Я тоже разуваюсь, снимаю свитер, возвращаюсь на свой стул. Мне хочется ответить, что мы все боимся нового, но я прикусываю язык. Потому что в действительности я каждое первое января надеюсь измениться. Надеюсь, что будущее станет лучше прошлого. Что я уже не буду прежней.
Когда канонада ослабевает, я, набравшись смелости, спрашиваю:
– Что ты теперь будешь делать?
– Хороший вопрос!
Ты снимаешь платье, и оно падает на пол, словно ненужная больше старая кожа. Надеваешь большую футболку, принесенную из ванной. Комната превратилась в парилку, окна запотели.

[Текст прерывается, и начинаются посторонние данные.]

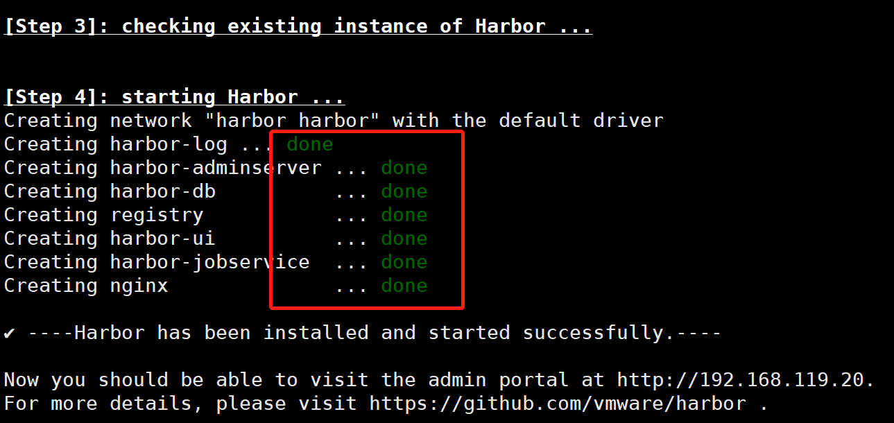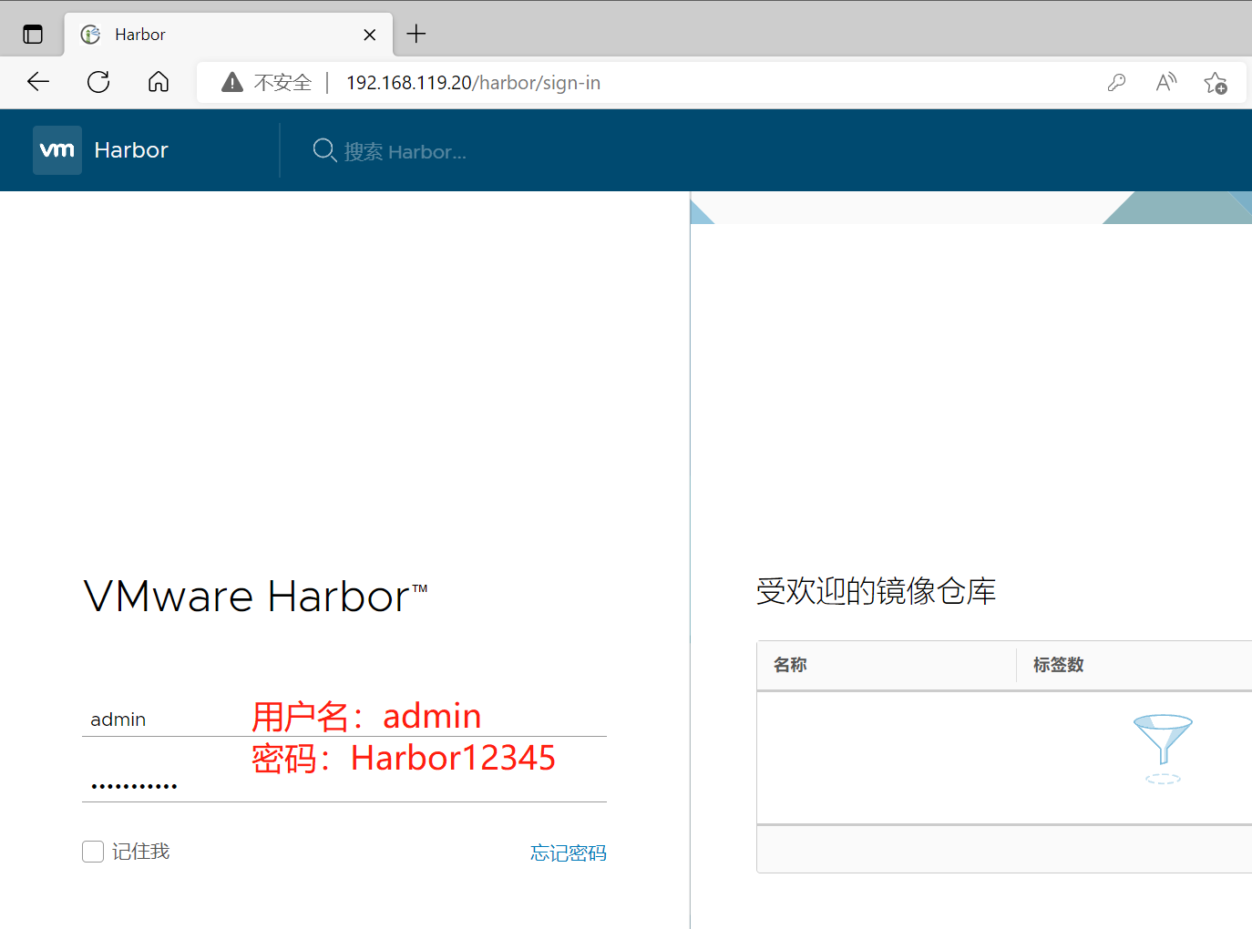 # docker login -u admin -p Harbor12345 http://192.168.119.20

Ты садишься обратно на диван, откидываешь назад голову и говоришь:
– Я все эти годы только и делала, что оставалась неизменной. Ни лишнего килограмма, ни новой стрижки или цвета волос, ни одного нефотогеничного выражения, бойфренд всегда из Серии А или актер. А для чего все это? Оно могло кончиться в любой момент, внезапно, Эли. От Парижа до Т. – доля секунды. И что бы у меня осталось?

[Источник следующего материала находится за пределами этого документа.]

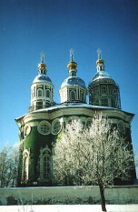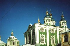 Строился в три приема (первая версия рухнула в процессе, во второй провалился купол...), получился на загляденье. Сочетание старорусского и барочного стилей дало незабываемую композицию. Внутреннее убранство не уступает внешнему. Пропавшая в 1940 г. икона Одигитрии Смоленской заменена на список XVI в.. Вместе с примыкающим Богоявленским собором и Архиерейскими палатами составляет ансамбль Соборной горы, красивейшего места Смоленска.

Ты не удержала бокал и вылила половину на себя.
– Хочешь знать правду? – Ты вздыхаешь. – Я задолбалась делать одинаковые фото. Австралия в огне, Амазония – слов нет. В Сирии постоянная война. Трамп разлучает детей с родителями на границе с Мексикой. Льды тают, и этот процесс необратим. Все эти люди, которые тонут, пытаясь пересечь море, – безымянные, никогда не существовавшие… Меня это тоже волнует, а ты как думала? Я читаю газеты. Катастрофа за катастрофой – а я все улыбаюсь в объектив… Мне этого мало теперь.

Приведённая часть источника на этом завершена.